§ BRIEF:
From the records below, please print only the lines from the one containing "今天的预期交易区间位于1835.00支撑位和1870.00阻力位之间。" through the one containing "2-4 яйца, 5-10", both included. Skip the pictures.

§ AVAILABLE RECORDS:
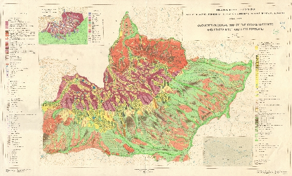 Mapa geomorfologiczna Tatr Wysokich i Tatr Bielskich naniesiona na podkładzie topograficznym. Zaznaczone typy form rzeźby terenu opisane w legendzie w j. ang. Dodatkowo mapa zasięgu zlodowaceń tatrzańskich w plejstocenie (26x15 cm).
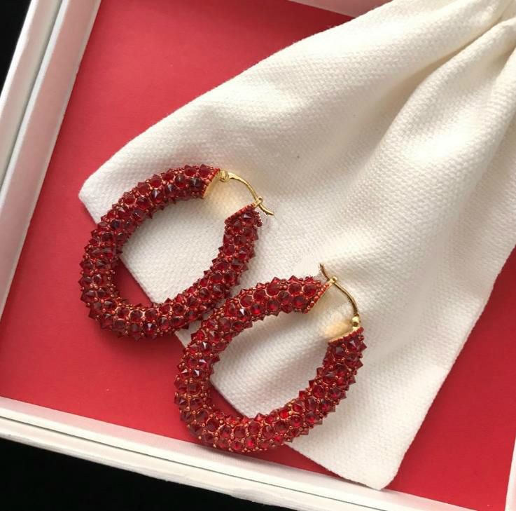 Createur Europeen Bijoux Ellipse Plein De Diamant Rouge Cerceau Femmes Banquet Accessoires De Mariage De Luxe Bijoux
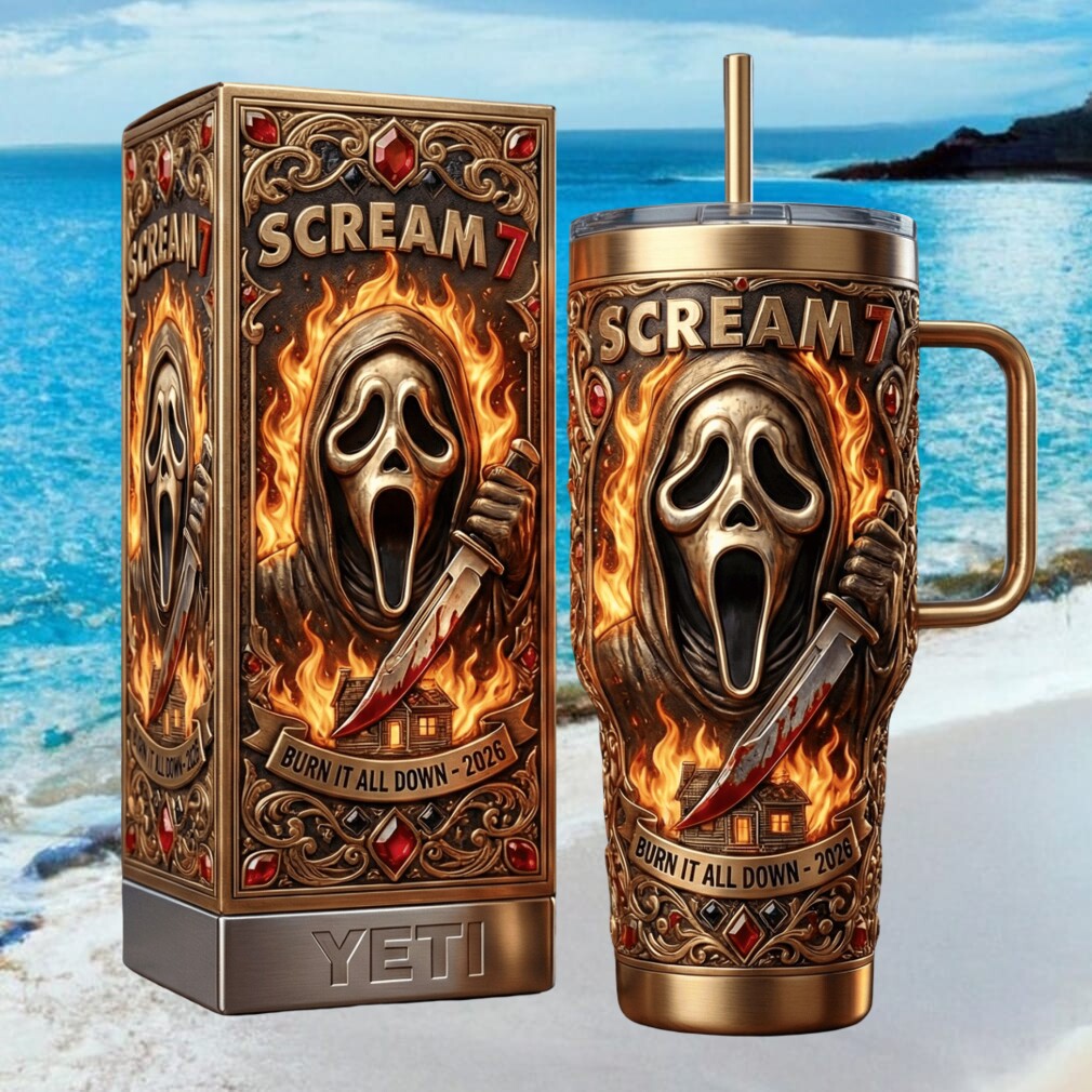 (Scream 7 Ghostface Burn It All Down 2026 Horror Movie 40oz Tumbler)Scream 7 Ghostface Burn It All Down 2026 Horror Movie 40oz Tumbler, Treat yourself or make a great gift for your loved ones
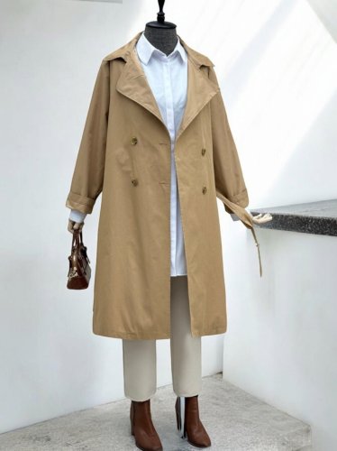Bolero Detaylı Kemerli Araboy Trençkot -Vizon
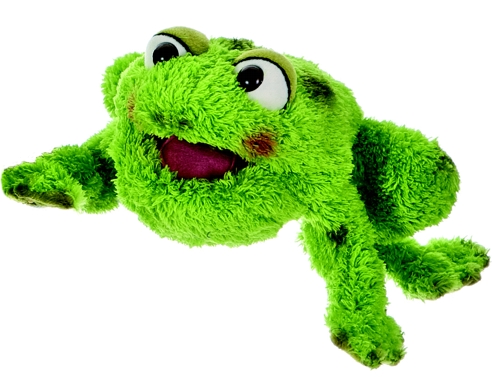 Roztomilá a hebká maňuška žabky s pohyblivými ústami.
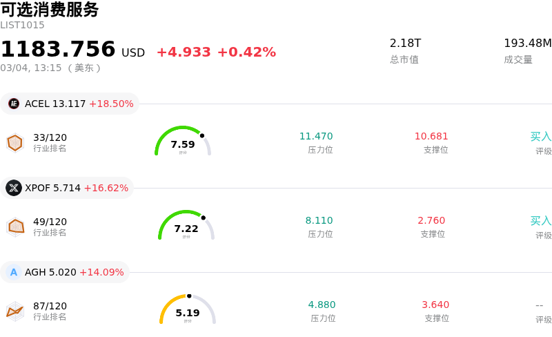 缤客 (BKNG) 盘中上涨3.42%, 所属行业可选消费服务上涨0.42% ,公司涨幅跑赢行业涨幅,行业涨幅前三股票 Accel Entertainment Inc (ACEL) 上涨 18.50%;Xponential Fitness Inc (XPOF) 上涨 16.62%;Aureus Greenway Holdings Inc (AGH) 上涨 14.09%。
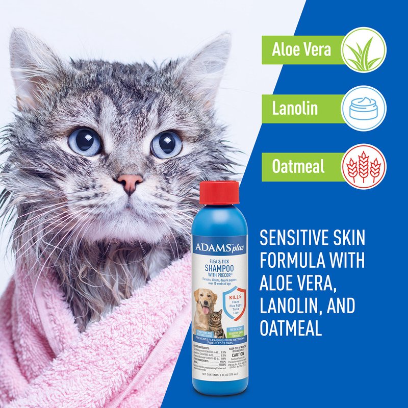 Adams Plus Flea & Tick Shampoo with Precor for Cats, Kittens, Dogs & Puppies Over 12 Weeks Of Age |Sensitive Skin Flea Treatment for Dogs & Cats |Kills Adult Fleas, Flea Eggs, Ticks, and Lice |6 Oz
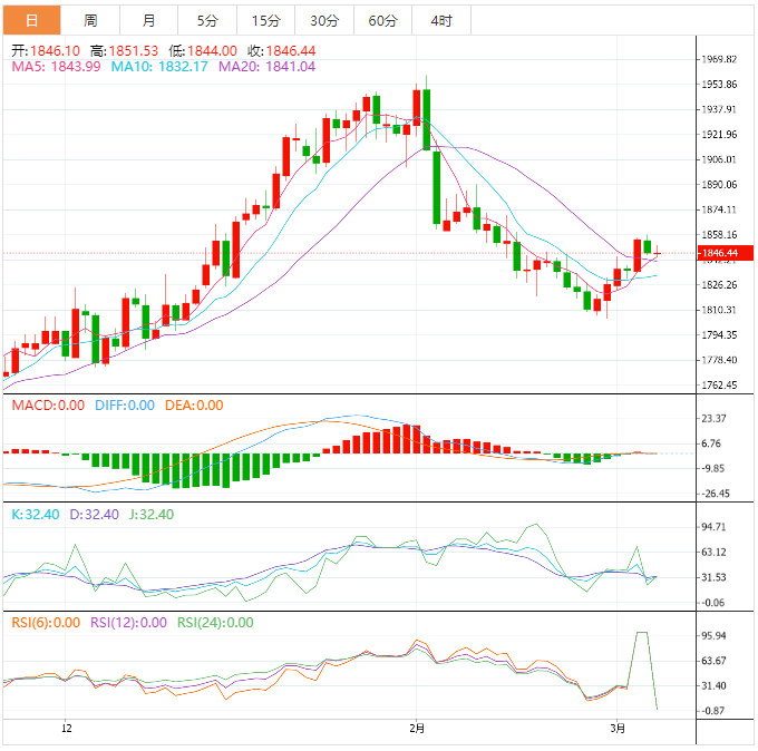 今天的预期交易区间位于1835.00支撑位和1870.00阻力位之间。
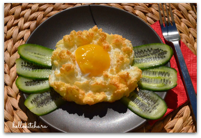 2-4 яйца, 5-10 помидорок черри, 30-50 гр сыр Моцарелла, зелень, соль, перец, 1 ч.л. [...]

...

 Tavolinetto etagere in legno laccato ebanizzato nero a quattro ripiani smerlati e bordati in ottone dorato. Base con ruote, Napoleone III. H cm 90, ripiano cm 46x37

§ OUTPUT FOR THIS EXERCISE:
 今天的预期交易区间位于1835.00支撑位和1870.00阻力位之间。
 2-4 яйца, 5-10 помидорок черри, 30-50 гр сыр Моцарелла, зелень, соль, перец, 1 ч.л. [...]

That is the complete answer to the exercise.